Le chef du gouvernement italien Mario Draghi a mis tout son poids dans la balance pour faire décoller ITA, en prévenant en avril que Rome "n'acceptera(it) pas des discriminations arbitraires" de la part de Bruxelles.

Sous la pression de la Commission, les ambitions du plan de relance d'Alitalia ont été cependant revues à la baisse, et l'accord devrait se traduire par des suppressions d'emplois qui restent à chiffrer.

Certaines activités d'Alitalia, en particulier le secteur aviation, seront transférées à ITA. Les salariés d'Alitalia qui "pourraient être embauchés dans la nouvelle compagnie sont 2800 en 2021 et 5750 en 2022", a assuré le ministre du Développement économique Giancarlo Giorgetti.

Au total, les trois branches de la compagnie (aviation, services au sol et maintenance) comptent actuellement plus de 11.000 employés.

Les services au sol et la maintenance seront vendus séparément, par le biais d'appels publics, comme l'avait exigé Bruxelles. Mais ITA pourra y participer aux côtés d'autres investisseurs, en tant qu'actionnaire majoritaire dans le premier cas et minoritaire dans le second.

Selon le plan industriel adopté jeudi par les administrateurs d'ITA et approuvé, selon eux, par Bruxelles, les services au sol devraient employer en 2025 entre 2.650 et 2.700 personnes et la maintenance entre 1100 et 1250 au cas où le successeur d'Alitalia remporte les appels d'offres.

Flotte réduite de moitié

La nouvelle société verra sa flotte réduite de moitié, à 52 appareils, dont 7 gros porteurs. Dès 2022, elle disposera de 78 avions et fin 2025 de 105, selon ce plan ambitieux.

Bruxelles avait également réclamé la cession de créneaux aéroportuaires ("slots"). ITA conservera 85% des créneaux horaires détenus par Alitalia à l'aéroport de Milan Linate et 43% des créneaux de Rome Fiumicino, selon le plan industriel.

Bruxelles avait réclamé que la future société marque une nette rupture avec son ancêtre en abandonnant notamment le logo d'Alitalia et en renonçant à accepter des billets émis par son prédécesseur.

La marque Alitalia sera vendue par le biais d'un appel d'offres public, mais ITA pourra finalement y participer.
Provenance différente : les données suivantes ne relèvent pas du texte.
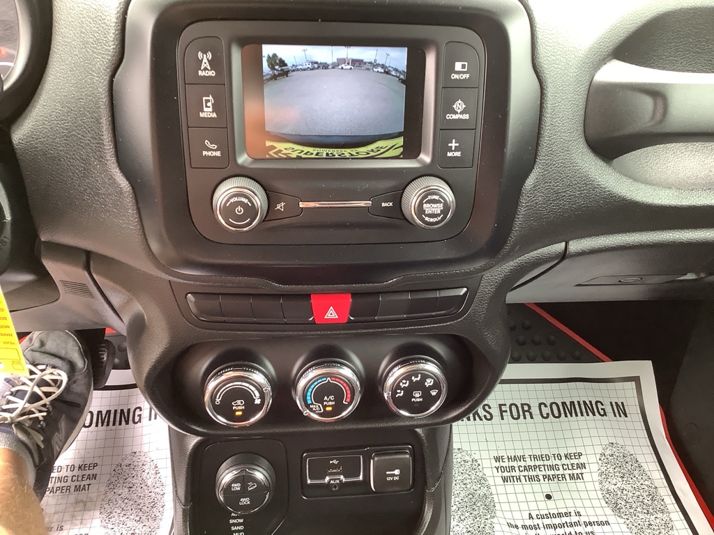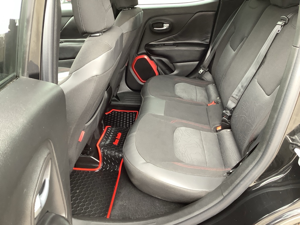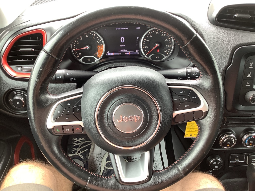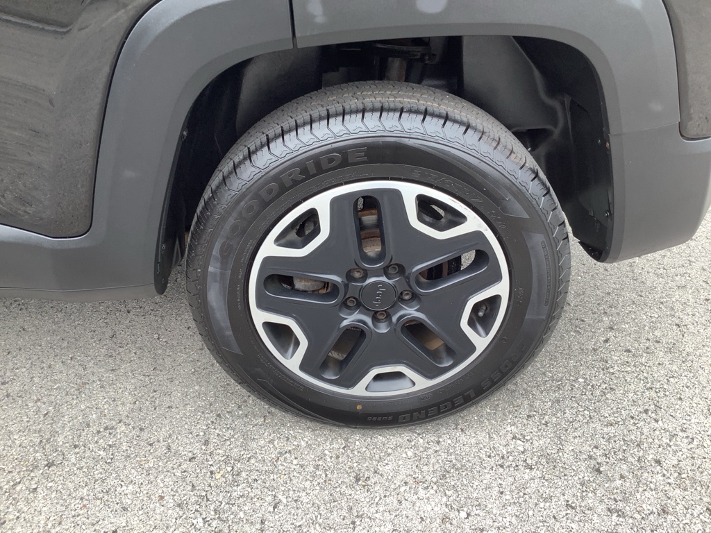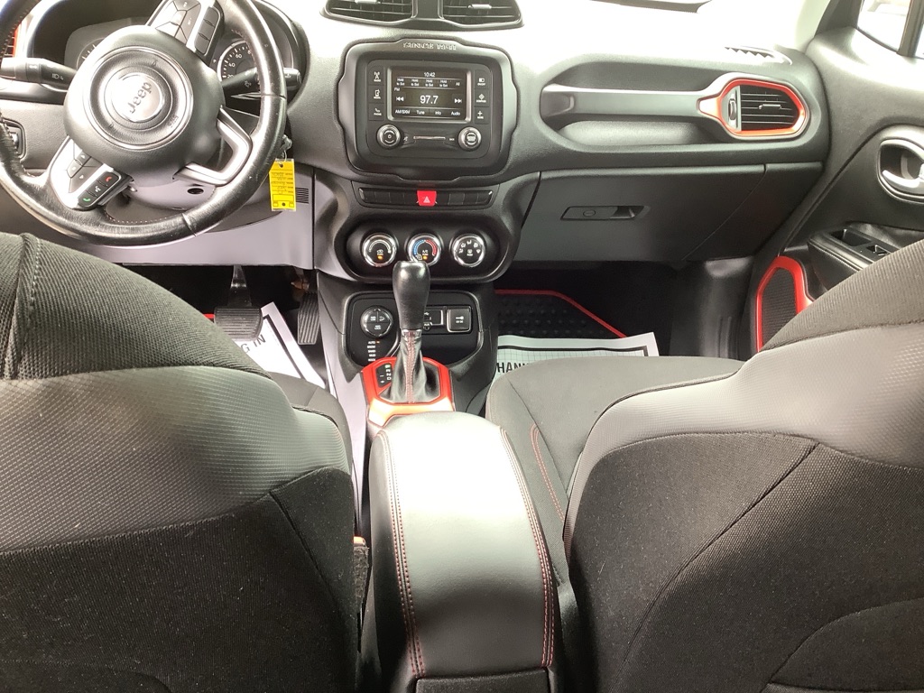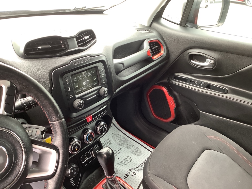 4 Wheel Drive Air Conditioning Anti-Lock Brakes Automatic Headlights Bluetooth Connection Brake Assist System Child Safety Locks Cruise Control Cylinders (4) Daytime Running Lights Driver Air Bag Engine Immobilizer Fog Lamps Heated Mirrors Intermittent Wipers Keyless Entry Keyless Entry ((1)Left) Leather Steering Wheel Master Key (1) Motor Fuel Type ((1)Gas) MP3 player Pass-Through Rear Seat Pass. Air Bag Power Brakes Power Locks Power Mirrors Power Steering Power Windows Privacy Glass Radio-AM/FM Rear Defroster Rear Floor Mats Rear Spoiler Reverse Camera Seat Trim ((1)Cloth) Side Airbags - Front Spare Tire ((1)Full Size) Steering Wheel Controls Stereo ((5)AM/FM Radio) Tilt Steering Wheel Tilt Wheel Tire Pressure Monitor System Traction Control Transmission ((1)Automatic Transmission) Trip Computer Turn Signal Mirrors Wheels Front Left ((3)Aluminum) Wheels Front Right ((3)Aluminum) Wheels Rear Left ((3)Aluminum) Wheels Rear Right ((3)Aluminum The 2015 Jeep Renegade Trailhawk, a 4-wheel drive, 4-door SUV, features a 2.4-liter 4-cylinder gasoline engine, known for its off-road capabilities with features like 8.7 inches of ground clearance and skid plates. Engine: 2.4-liter 4-cylinder gasoline engine. Drive: 4-wheel drive (4WD). Body Style: 4-door SUV. Off-Road Features: Trail Rated badge. 8.7 inches of ground clearance. Skid plates. Red tow hooks front and rear. 19 inches of water-fording capability.

Le ministère du Développement économique "supervisera toutes les mesures visant à protéger les travailleurs et les consommateurs", a assuré M. Giorgetti. Les acheteurs de billets pour des vols après la date du 15 octobre "seront protégés", a-t-il ajouté.

Le plan industriel, qui prévoit un accroissement graduel de l'activité d'ITA en fonction de l'évolution de la pandémie de coronavirus, table sur un chiffre d'affaires de 3,32 milliards d'euros en 2025.